Imagen de portada: mural de Blu en Buenos Aires – https://www.blublu.org

 

[1] Juan Carlos Portantiero, La producción de un orden, Buenos Aires, 1988, Nueva Visión, p 89.

[2] Carlos Strasser, La razón democrática y su experiencia,  Buenos Aires, 2013, Prometeo, p 63.

[3] José M Aricó, La cola del diablo, itinerario de Gramsci en América Latina, Buenos Aires, 2005, Siglo XXI, p 151.

[4] Slavoj Žižek, Porque no saben lo que hacen. El goce como factor político. Buenos Aires, 2000, Paidós, p140.

[5] Cf. Silvia Schwarböck, Los espantos. Estética y posdictadura. Buenos Aires, 2016, Cuarenta ríos.

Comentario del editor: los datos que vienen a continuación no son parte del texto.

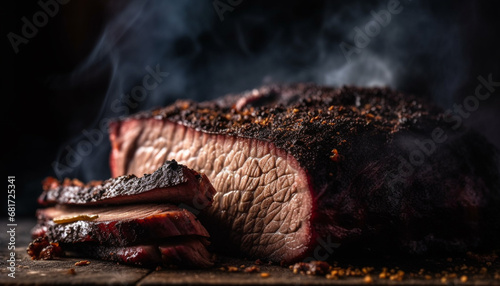 Naklejka premium Grilled pork fillet on wood, flame seared for gourmet lunch generated by AI
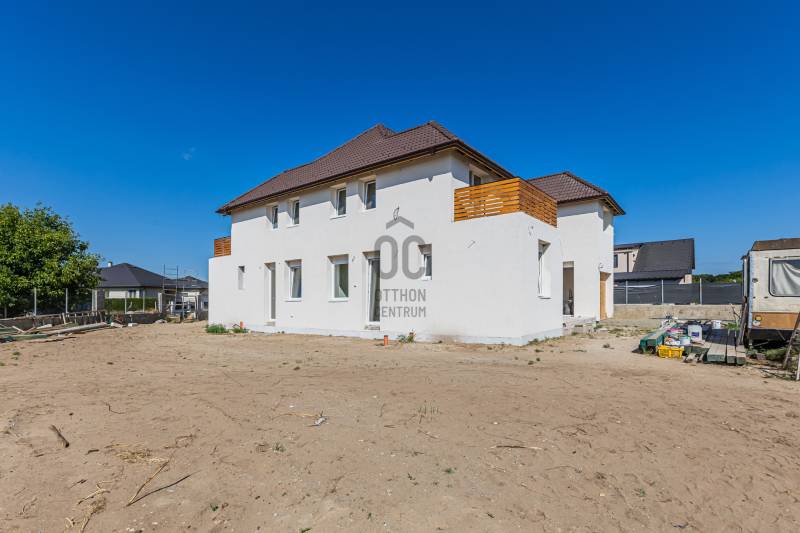 KIEMELT AJÁNLAT!Kiváló referenciákkal!A fényképeken korábban értékesített referenciák láthatók. A látványtervek és a telekről készült képek mutatják a jelenlegi ingatlant.ÚJONNAN ÉPÜLŐ LAKÓPARKBAN, a Waldorf iskolától 2 utcára épül ez az ÚJÉPÍTÉSŰ IKERHÁZ.Egymással mindössze egy tárolónál érintkezve, teljesen SZEPARÁLT KERTRÉSZEKKEL.A helyiek által kedvelt CSENDES, ZÖLD UTCÁBAN, KITŰNŐ MINŐSÉGBEN készül, 460 m2 saját telken.Itt biztosan megtalálja a nyugalmat, aki arra vágyik.Ezen a területen nincsenek és nem is lesznek látható kábelek, ez egy rendezett, újonnan épülő lakópark.Az épület 40cm vastag fallal épül, műanyag nyílászárókkal 3 rétegű hőszigetelt üvegezéssel, Terrán Zenit Resistor Onix tetőcserép fedéssel, hőszivattyú kiállással, padlófűtéssel, napelem-, riasztó-, és klímaelőkészítéssel, illetve egy klíma egységgel a nappaliban.A hálószobákba laminált padló, a többi helyiségbe járólap kerül, de ez most még igény szerint módosítható.A FŰTÉSE és a FENNTARTÁSA KEDVEZŐ, a korábbi referenciákkal kapcsolatos tapasztalatok alapján a TELJES HAVI REZSI legfeljebb 40-45 ezer forint, és napelemmel REZSIMENTES tud lenni az ingatlan.Napelem beszerzését és kedvezményes beszerelését az ár megbeszélés alapján tartalmazhatja.Fúrt kút is található a telken, bemért, iható vízzel.Csatorna kiépítése után az utca és a környék is aszfaltozva lesz.Az építés jelenleg is zajlik, ezért a BURKOLATOKAT Ön még KIVÁLASZTHATJA, igényeit megadhatja, így a lehető legjobb időben van.Az egyik fél már elkelt, a másik még elérhető.Nettó 99 m2 lakótér, nappali+2 szoba, 2 fürdőszoba és garázs.Igény szerint a garázs még kérhető szobaként, akkor nappali+3 hálószobás lesz az ingatlan, ebben az esetben egy fedett, viacolorozott autóbeállót is tartalmaz az ár.10 percen belül szinte minden elérhető: busz, ovi, suli, boltok posta, cukrászda, virágos, gyógyszertár, benzinkút, stb.ÁTADÁS 2026. május 31-ig, igény szerint hamarabb.Minimum 10 % foglalóval és 20% önerővel LEKÖTHETŐ.CSOK, Hitel, Babaváró és illeték visszatérítés igényelhető rá.Nagyon jó választás mind az ingatlan, mind a lokáció.Hívjon bizalommal a hét bármely napján!Amennyiben saját ingatlanja eladásához a mi irodánkat választja, ezt minőségi szolgáltatások és kedvező feltételek mellett vállaljuk.Az ingatlan CSOK igénybevétele esetén illetékmentes!CSOK, Babaváró, Lakásfelújtás, Támogatott hitelek? Irodánk minden állami támogatás és lakáshitel igény kapcsán DÍJMENTES és SZAKÉRTŐ segítséget nyújt!Igény szerint profi ügyvédi hátteret is biztosítunk. |
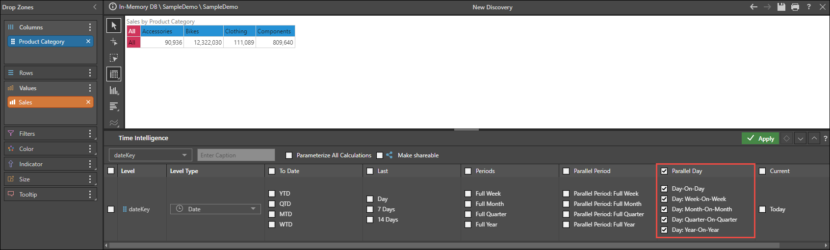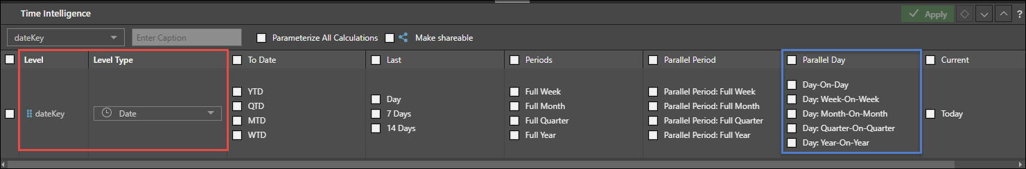 In this example, all Parallel Day functions red highlight) are applied from the Time Intelligence wizard:
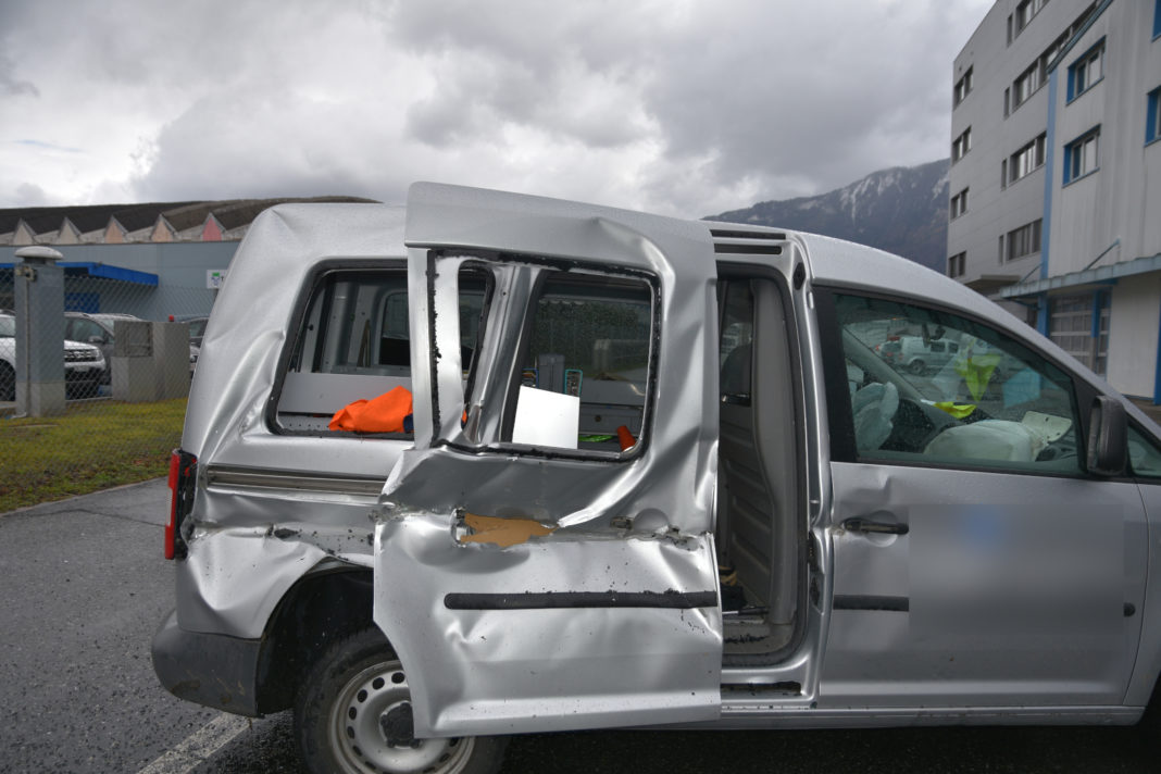 Der Fahrer des Traktors fuhr gegen 09:45 Uhr von der Nebenstrasse ‘Selemad’ kommend zum Verzweigungsbereich Selemad/Industriestrasse, um dann links in die Industriestrasse einzubiegen. Dabei übersah er einen Lieferwagen, welcher bereits auf dieser unterwegs war. Es entstand erheblicher Sachschaden.
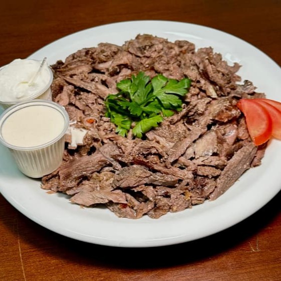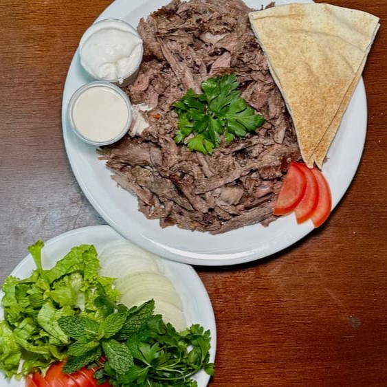 Carne Bovina, salsinha, tomate, cebola e pasta de alho e tahine.
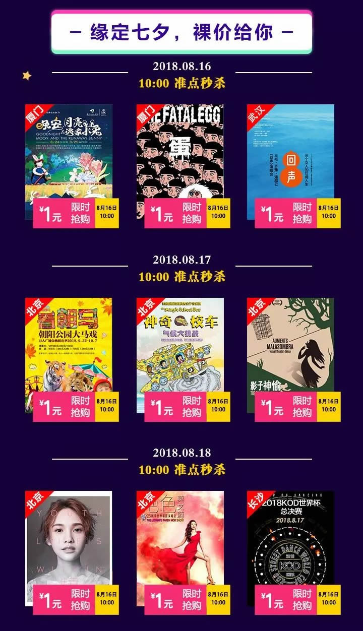 活动一: 8月16日、8月17日、8月18日三天,每天10:00
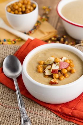 The result was blog-worthy, as Kevin calls it when he taste tests something and smiles from ear to ear. For serious though, this recipe rocks the casbah. The apples make it sweet, the cauliflower makes it ridiculously creamy, it’s just a tad-bit spicy, and has bold curry flavor.

[6] Cf. José Natanson, “Ideas para frenar el populismo de derecha” en Página/12, 05/02/2019. En línea: https://www.pagina12.com.ar/172975-ideas-para-frenar-el-populismo-de-derecha

[7] Wendy Brown, El pueblo sin atributos. La secreta revolución del neoliberalismo, Barcelona, 2015, Malpaso ed., p 49.

[8] José M Aricó, “Una oportunidad de ponernos al día” en La ciudad futura, n° 2, Buenos Aires, 1986, p. 2-3.